START Source material

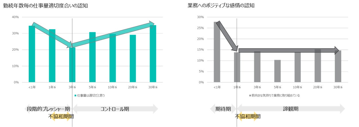 ・業務へのポジティブな感情は1年を過ぎて急激に落ち込み、それ以降はほぼ横ばいであり、1年目で下がった感情面は再度ポジティブな方向へ浮上することがない様子が伺える
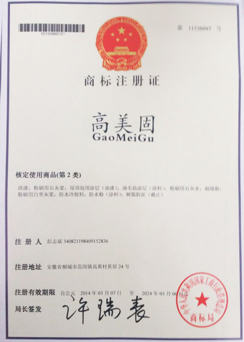 第02类“高美固 GAOMEIGU”商标注册证
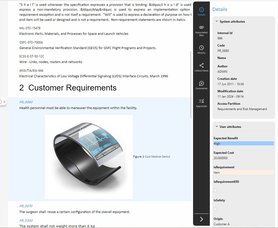 - The System attributes are Visure-defined attributes, common to all items. Some system attributes such as code, name and access partition may be modified in this tab if the item is checked out, but others such as Author, Creation and Modification date may not be modified at all.
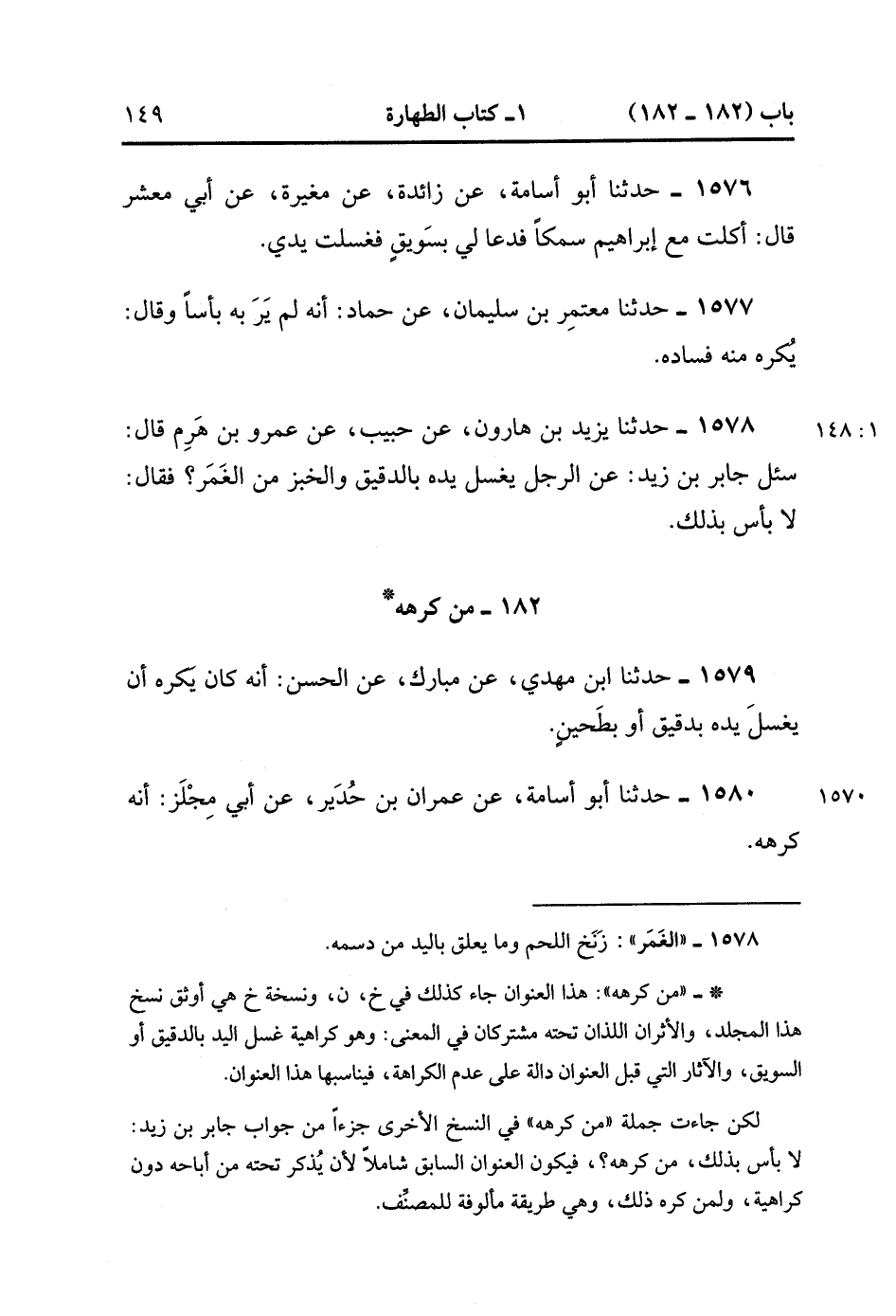 1578- حَدَّثَنَا يَزِيدُ بْنُ هَارُونَ ، عَنْ حَبِيبٍ ، عَنْ عَمْرو بْنِ هَرِمٍ ، قَالَ : سُئِلَ جَابِرُ بْنُ زَيْدٍ عَنِ الرَّجُلِ يَغْسِلُ يَدَهُ بِالدَّقِيقِ وَالْخُبْزِ مِنَ الْغَمَرِ ؟ فَقَالَ : لا بَأْسَ بِذَلِكَ.
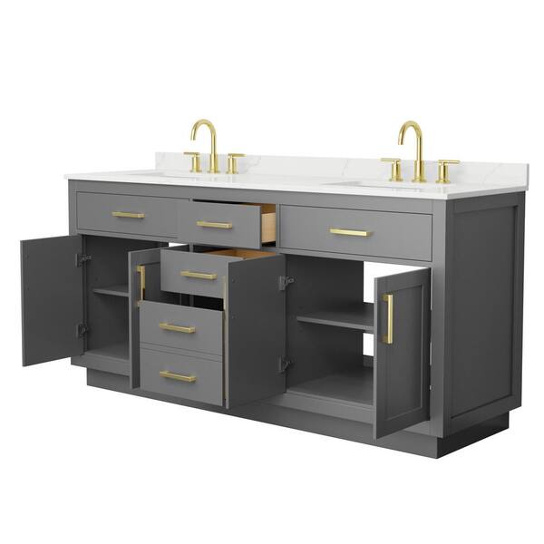 Beckett TK 72 in. W x 22 in. D x 35 in. H Double Sink Bath Vanity in Dark Gray with Brushed Gold Trim Giotto Quartz Top

END Source material

Task directions →
The answer must be an exact transcription of the lines from the one containing "- The System" through the last line of the records above, both included, with no pictures.

Exercise solution →
 - The System attributes are Visure-defined attributes, common to all items. Some system attributes such as code, name and access partition may be modified in this tab if the item is checked out, but others such as Author, Creation and Modification date may not be modified at all.
 1578- حَدَّثَنَا يَزِيدُ بْنُ هَارُونَ ، عَنْ حَبِيبٍ ، عَنْ عَمْرو بْنِ هَرِمٍ ، قَالَ : سُئِلَ جَابِرُ بْنُ زَيْدٍ عَنِ الرَّجُلِ يَغْسِلُ يَدَهُ بِالدَّقِيقِ وَالْخُبْزِ مِنَ الْغَمَرِ ؟ فَقَالَ : لا بَأْسَ بِذَلِكَ.
 Beckett TK 72 in. W x 22 in. D x 35 in. H Double Sink Bath Vanity in Dark Gray with Brushed Gold Trim Giotto Quartz Top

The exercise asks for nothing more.